ACTIVITY
What is needed is a verbatim copy of the data, minus the pictures.

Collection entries

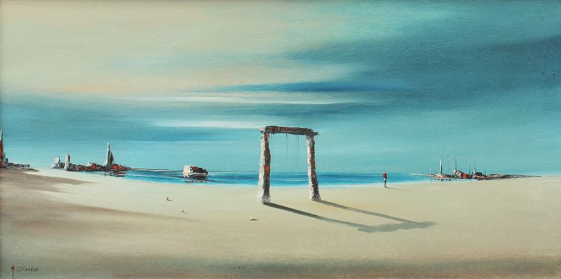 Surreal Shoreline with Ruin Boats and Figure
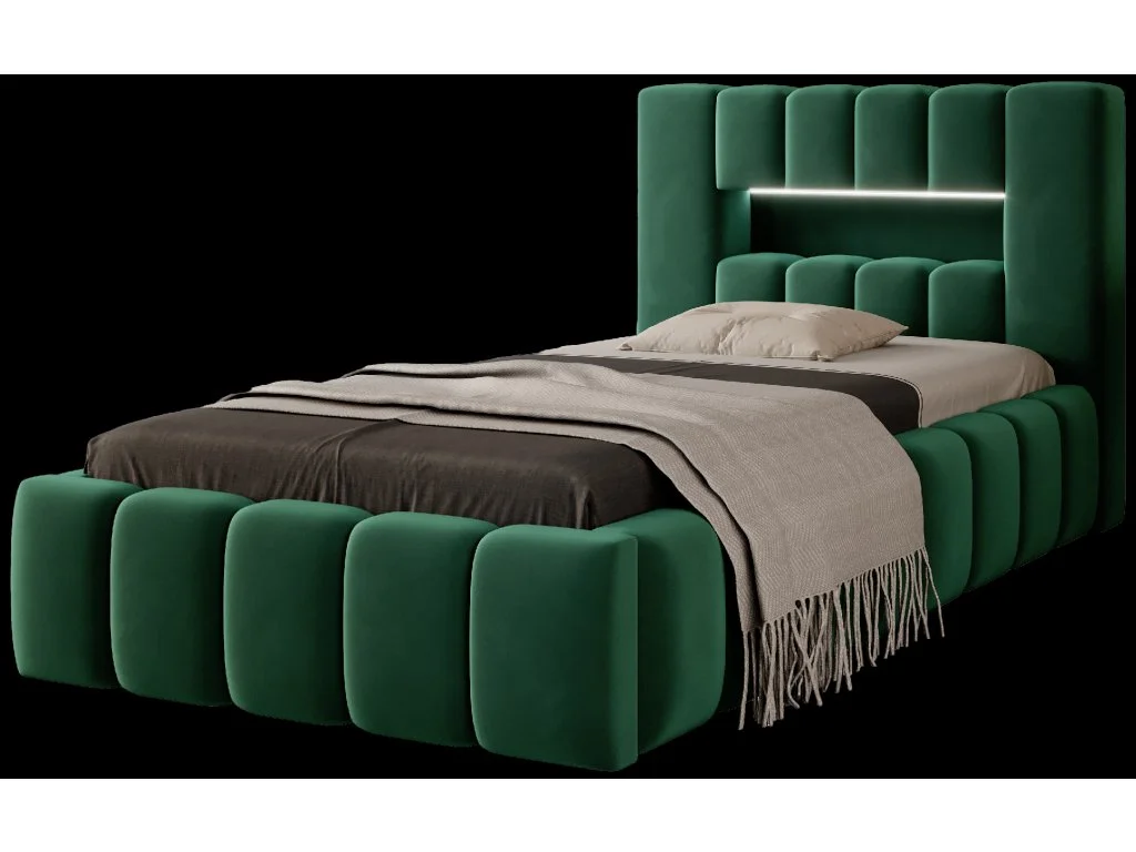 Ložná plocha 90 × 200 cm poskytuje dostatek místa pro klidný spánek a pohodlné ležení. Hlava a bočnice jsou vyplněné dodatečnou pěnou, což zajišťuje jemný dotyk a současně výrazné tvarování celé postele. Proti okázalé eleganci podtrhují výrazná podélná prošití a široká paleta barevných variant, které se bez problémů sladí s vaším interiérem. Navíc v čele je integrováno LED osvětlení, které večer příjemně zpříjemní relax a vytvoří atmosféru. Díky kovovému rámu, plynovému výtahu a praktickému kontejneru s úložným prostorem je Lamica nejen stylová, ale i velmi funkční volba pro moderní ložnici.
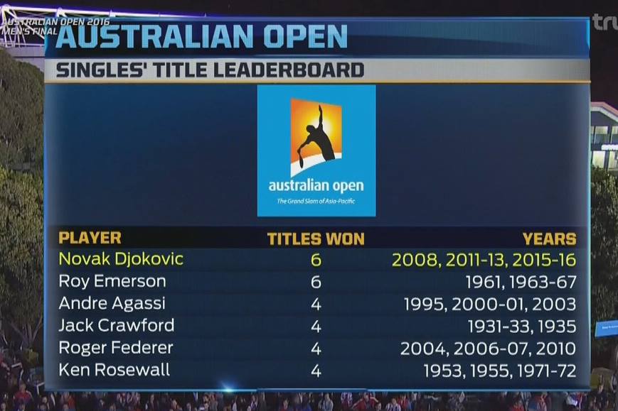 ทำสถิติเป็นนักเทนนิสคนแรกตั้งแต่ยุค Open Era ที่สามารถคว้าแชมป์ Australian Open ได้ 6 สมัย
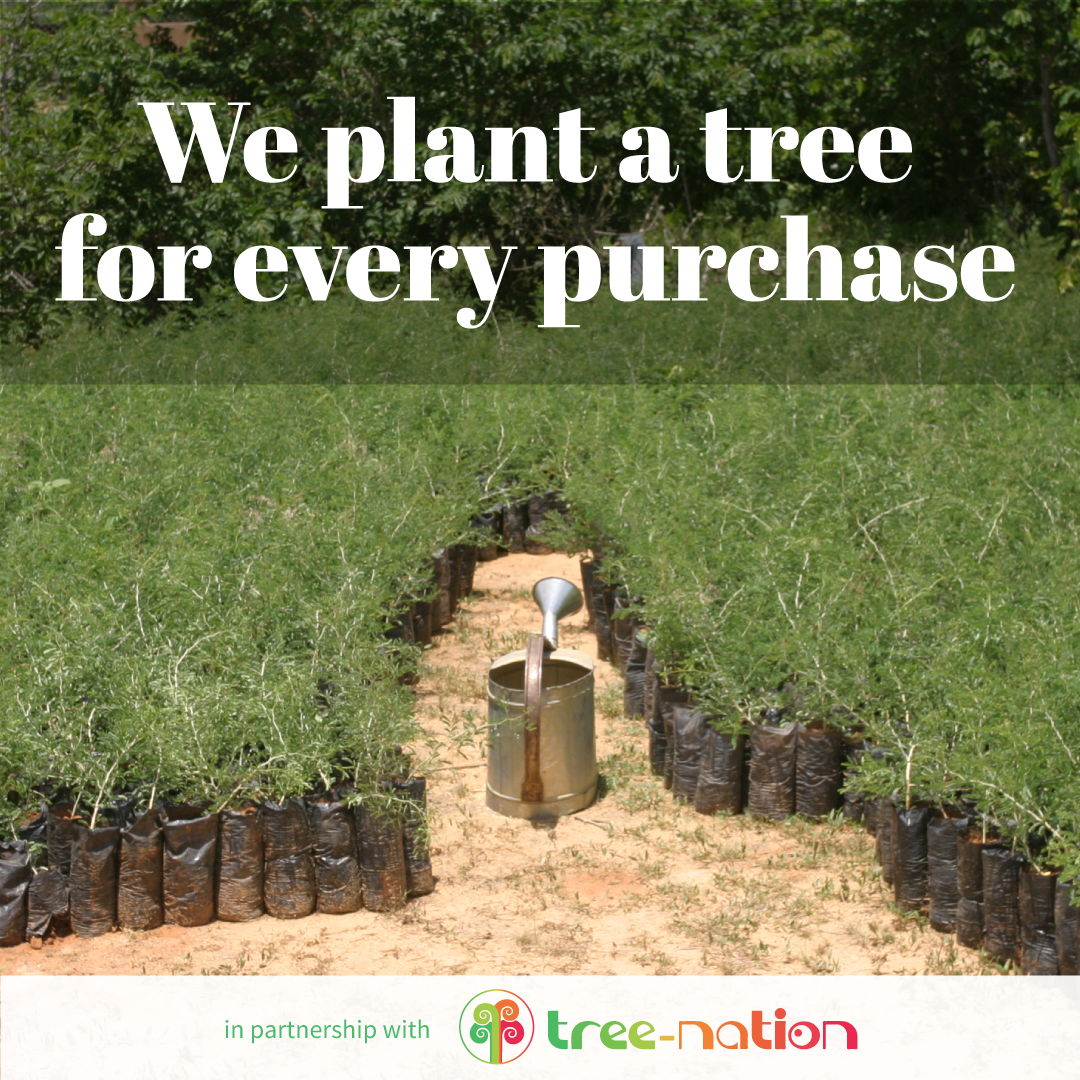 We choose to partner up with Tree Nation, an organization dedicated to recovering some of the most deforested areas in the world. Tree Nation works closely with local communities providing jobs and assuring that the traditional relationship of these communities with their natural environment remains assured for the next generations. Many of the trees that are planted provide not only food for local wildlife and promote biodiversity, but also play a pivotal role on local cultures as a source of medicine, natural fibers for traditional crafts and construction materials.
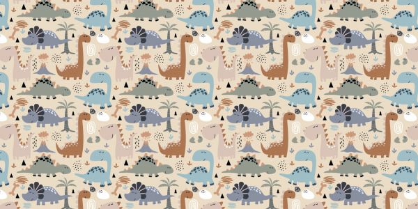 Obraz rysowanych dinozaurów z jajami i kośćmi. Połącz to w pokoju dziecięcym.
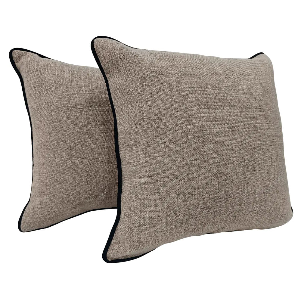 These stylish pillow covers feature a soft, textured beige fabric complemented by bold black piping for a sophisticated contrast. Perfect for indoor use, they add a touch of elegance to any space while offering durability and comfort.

RESPONSE AREA
 Surreal Shoreline with Ruin Boats and Figure
 Ložná plocha 90 × 200 cm poskytuje dostatek místa pro klidný spánek a pohodlné ležení. Hlava a bočnice jsou vyplněné dodatečnou pěnou, což zajišťuje jemný dotyk a současně výrazné tvarování celé postele. Proti okázalé eleganci podtrhují výrazná podélná prošití a široká paleta barevných variant, které se bez problémů sladí s vaším interiérem. Navíc v čele je integrováno LED osvětlení, které večer příjemně zpříjemní relax a vytvoří atmosféru. Díky kovovému rámu, plynovému výtahu a praktickému kontejneru s úložným prostorem je Lamica nejen stylová, ale i velmi funkční volba pro moderní ložnici.
 ทำสถิติเป็นนักเทนนิสคนแรกตั้งแต่ยุค Open Era ที่สามารถคว้าแชมป์ Australian Open ได้ 6 สมัย
 We choose to partner up with Tree Nation, an organization dedicated to recovering some of the most deforested areas in the world. Tree Nation works closely with local communities providing jobs and assuring that the traditional relationship of these communities with their natural environment remains assured for the next generations. Many of the trees that are planted provide not only food for local wildlife and promote biodiversity, but also play a pivotal role on local cultures as a source of medicine, natural fibers for traditional crafts and construction materials.
 Obraz rysowanych dinozaurów z jajami i kośćmi. Połącz to w pokoju dziecięcym.
 These stylish pillow covers feature a soft, textured beige fabric complemented by bold black piping for a sophisticated contrast. Perfect for indoor use, they add a touch of elegance to any space while offering durability and comfort.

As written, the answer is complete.